Task requirements:
Repeat, word for word, all the data that follows, and exclude the pictures.

Source data:
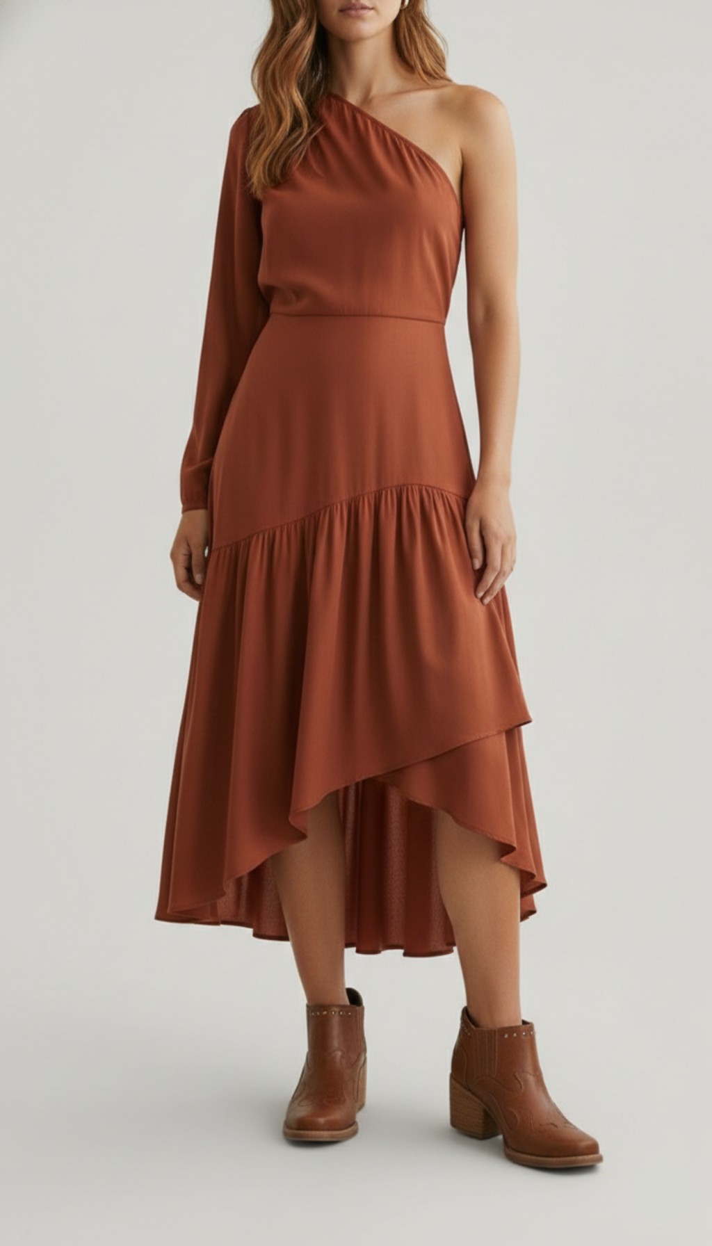 Este look es la definición perfecta de la sofisticación moderna para la temporada, combinando la fluidez de un vestido asimétrico en tono terracota con la fuerza de un calzado que se roba todas las miradas. El diseño de hombro descubierto aporta un aire fresco y vanguardista, pero el verdadero protagonista es nuestro botín de cuero artesanal, una pieza clave que equilibra la delicadeza del outfit con su carácter urbano. Estas botas no solo destacan por su color suela profundo que armoniza con la paleta otoñal, sino también por sus detalles de costuras ornamentales y tachas metálicas en el borde superior, que le dan ese espíritu rebelde y chic que buscamos hoy. Su taco robusto en acabado madera no solo garantiza una pisada firme y cómoda para todo el día, sino que eleva el look visualmente, demostrando que elegir el calzado correcto es el secreto para transformar un vestido relajado en una declaración de estilo absoluta.
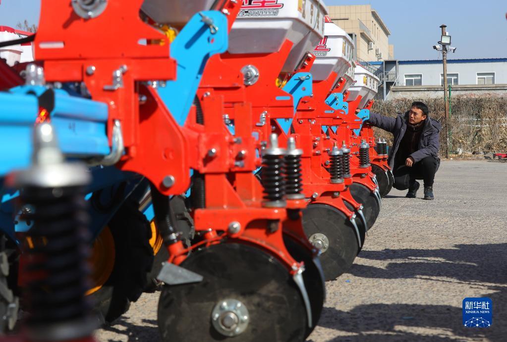 2月23日,在辽宁省铁岭县辽宁实丰机械有限公司,工人检查即将出厂的玉米播种机。新华社记者 杨青 摄
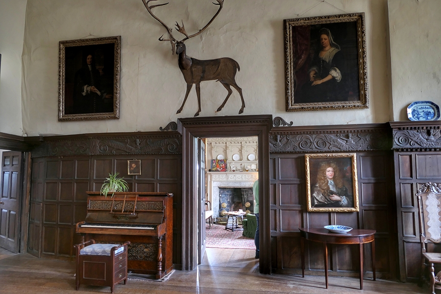 Ein seltener Anblick ist die Kombination aus Jagdtrophäe und Wandmalerei in der Eingangshalle von Chastleton House ...
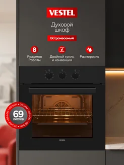 Встраиваемый духовой электрический шкаф 69л, гриль, таймер

Response below:
 Este look es la definición perfecta de la sofisticación moderna para la temporada, combinando la fluidez de un vestido asimétrico en tono terracota con la fuerza de un calzado que se roba todas las miradas. El diseño de hombro descubierto aporta un aire fresco y vanguardista, pero el verdadero protagonista es nuestro botín de cuero artesanal, una pieza clave que equilibra la delicadeza del outfit con su carácter urbano. Estas botas no solo destacan por su color suela profundo que armoniza con la paleta otoñal, sino también por sus detalles de costuras ornamentales y tachas metálicas en el borde superior, que le dan ese espíritu rebelde y chic que buscamos hoy. Su taco robusto en acabado madera no solo garantiza una pisada firme y cómoda para todo el día, sino que eleva el look visualmente, demostrando que elegir el calzado correcto es el secreto para transformar un vestido relajado en una declaración de estilo absoluta.
 2月23日,在辽宁省铁岭县辽宁实丰机械有限公司,工人检查即将出厂的玉米播种机。新华社记者 杨青 摄
 Ein seltener Anblick ist die Kombination aus Jagdtrophäe und Wandmalerei in der Eingangshalle von Chastleton House ...
 Встраиваемый духовой электрический шкаф 69л, гриль, таймер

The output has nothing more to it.